Except that which is described below, I the undersigned have no:
[Bullet Point 2] knowledge of information relating to the providing or withholding of professional services which might result in a claim; and/or
[Bullet Point 6] knowledge or information relating to the providing or withholding of past professional services that resulted in ... a patient’s death or neurological injury.

(Id. at 1719a.) Roesler signed the supplemental application without mentioning the Burton birth or lawsuit in the “Exceptions” section.

TIG issued the requested policy on May 22, 2002. The policy contained a “prior knowledge exclusion” barring coverage for claims arising from professional services that “could reasonably have been expected to result in a Claim, Incident or Suit, as of the date the Insured applied for this policy.” (Id. at 1838a.) Because he received a retroactive policy from TIG dating back to 1989, Roesler did not purchase “tail” coverage (permanent coverage for the periods he was insured by St. Paul) from St. Paul. (Id. at 1721a.)

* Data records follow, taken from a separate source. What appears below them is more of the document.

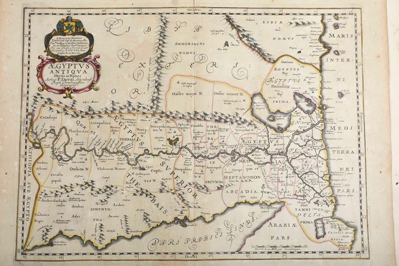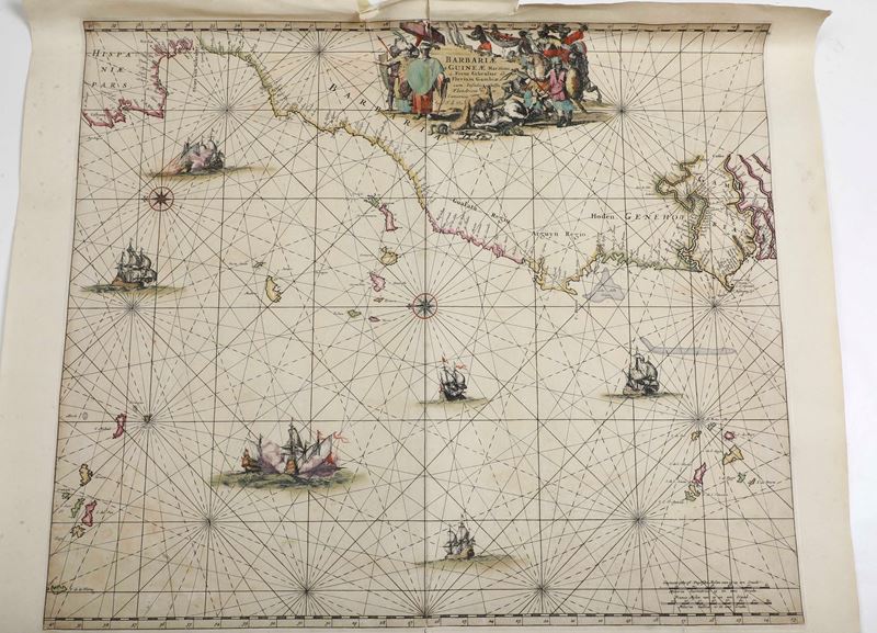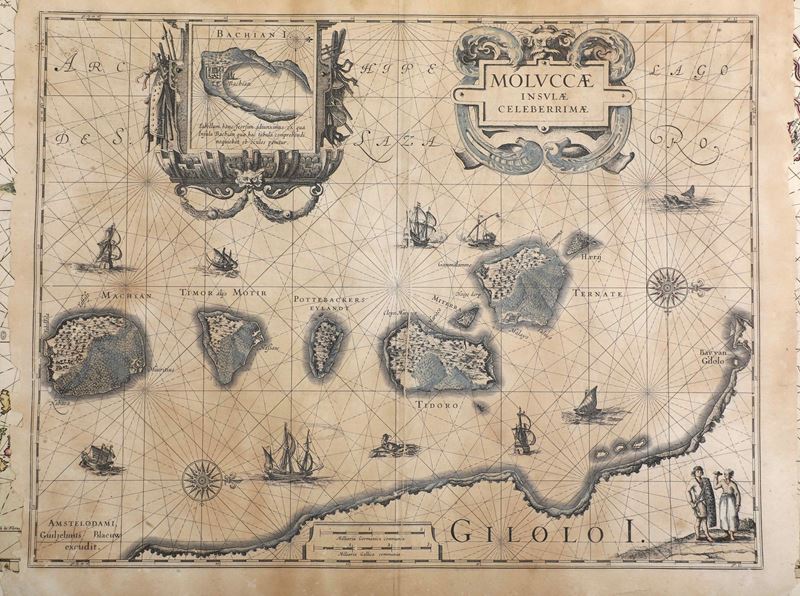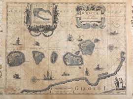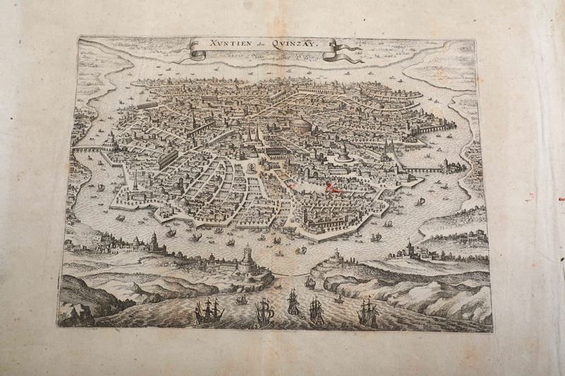 Tre carte geografiche di epoche differenti e una pagina di cinquecentina con veduta di città (difetti)
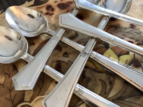 Antik Art Déco SJ&Co 90 Jäger versilbert Besteck 6 +2 Teelöffel Kaffeelöffel
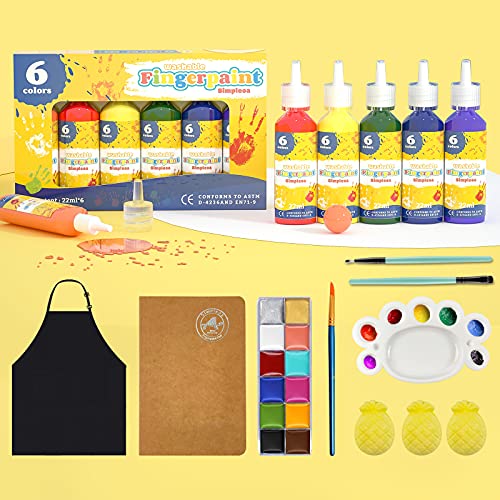 ✅❤️【What does our products contain?】 have 6 paints, in 6 colours, these are red, yellow, orange, green, blue and purple. These come in little squeeze bottles. You have a pack of 2 different sized paintbrushes. You get 12 face paints along with two other brushes to use these with and you also get a finger paint pad too, a apron and three cute little pineapple bath bombs.
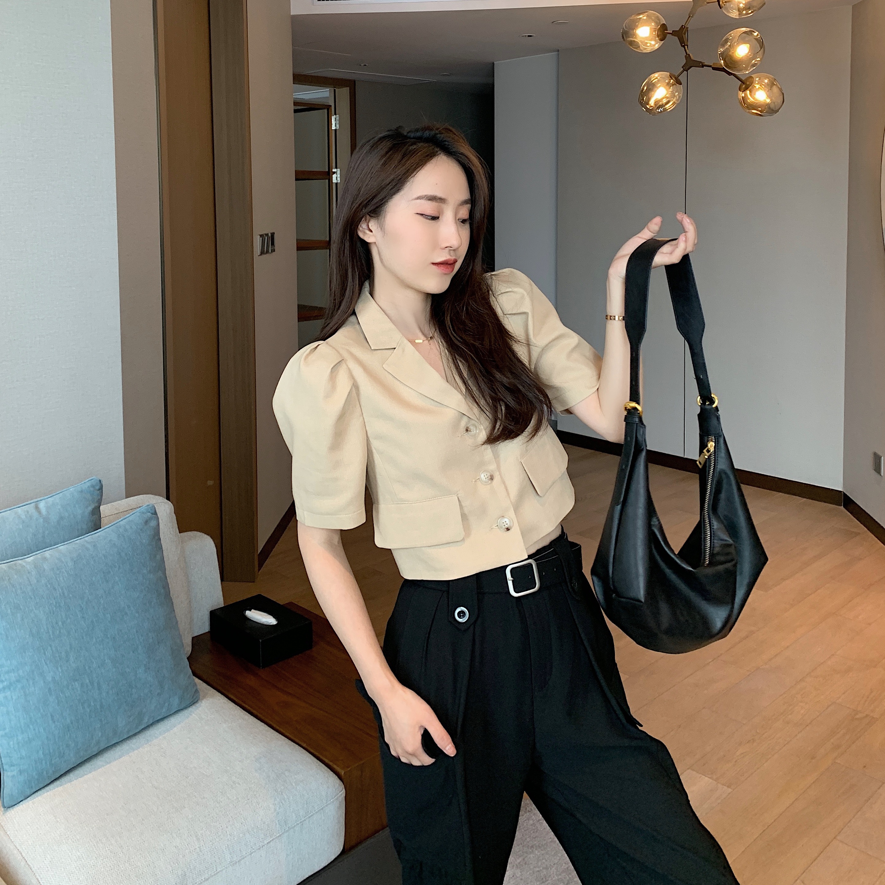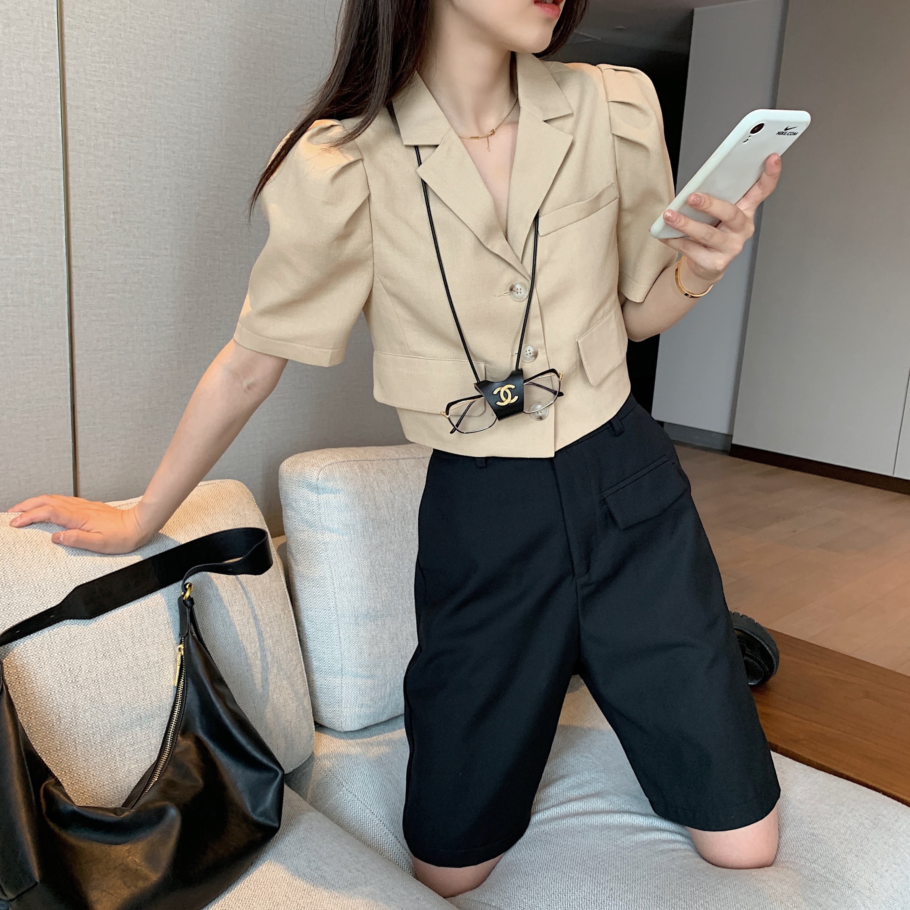 French niche short sleeve shirt woman summer new 2022 bubble sleeve shirt senior chic coat
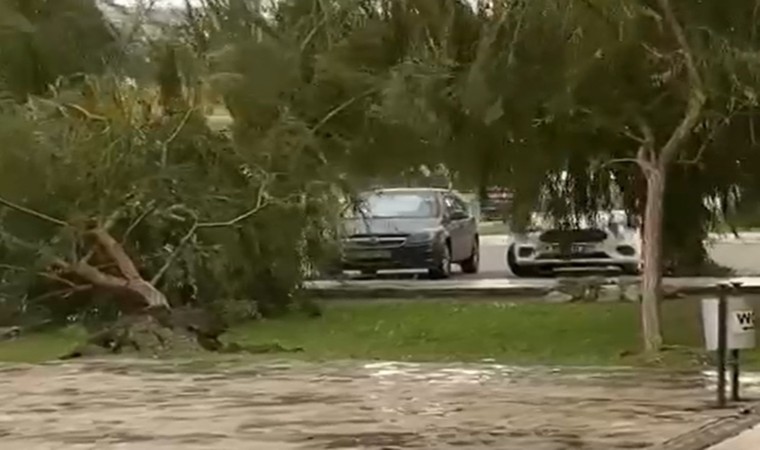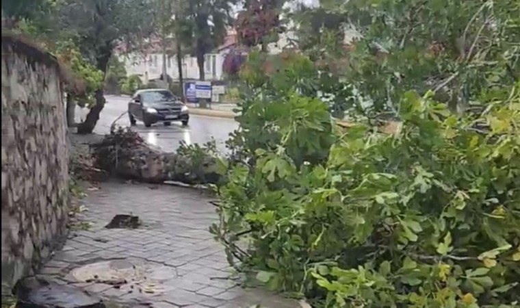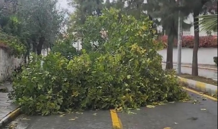 Aydın’ın Kuşadası ilçesinde sağanak yağış ile birlikte etkili olan kuvvetli rüzgar ağaçları devirdi.
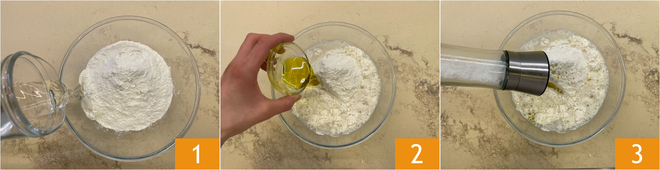 Para preparar las pizzetas sin fermentación con calabaza y zola, comienza con la masa: en un bol vierte la harina, el agua 1, el aceite 2 y la sal 3.
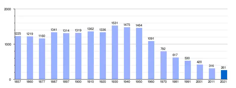 Gráfica de evolución demográfica de Las Omañas[15] entre 1857 y 2021 |

Less than three months after Roesler secured his policy, on August 12, 2002, the Burtons filed suit against Roesler. In this second suit, the Burtons claimed “Amanda Burton was not taken to the operating room until after 2 a.m., due to the late arrival of the ‘delivery team,’ including Paul Roesler, CRNA.” (Id. at 1771a.) On Monday, August 19, 2002, Roesler telephoned TIG to report the lawsuit. 4 He spoke with claims adjuster, Jennifer *493 Williams. 5 Williams’ contemporaneous notes reflect that Roesler told her about the events of June 28, 1998, and insisted the call that night was not a “stat” request. (Id. at 1821a.) The notes also indicate Roesler told her he wrote a detailed report of the events of that night “because it seemed like a situation where there could potentially be a lawsuit.” (Id.) The notes mark this statement with quotations and an asterisk. Williams stated she did so because it “raised a red flag.” (R. Vol. Ill at 800a.) Williams testified she asked Roesler when he first learned the baby was brain damaged and noted Roesler responded, “about six months ago when [the] doc[tor] & hosp[ital] were sued.” (R. Vol. VI at 1821a.)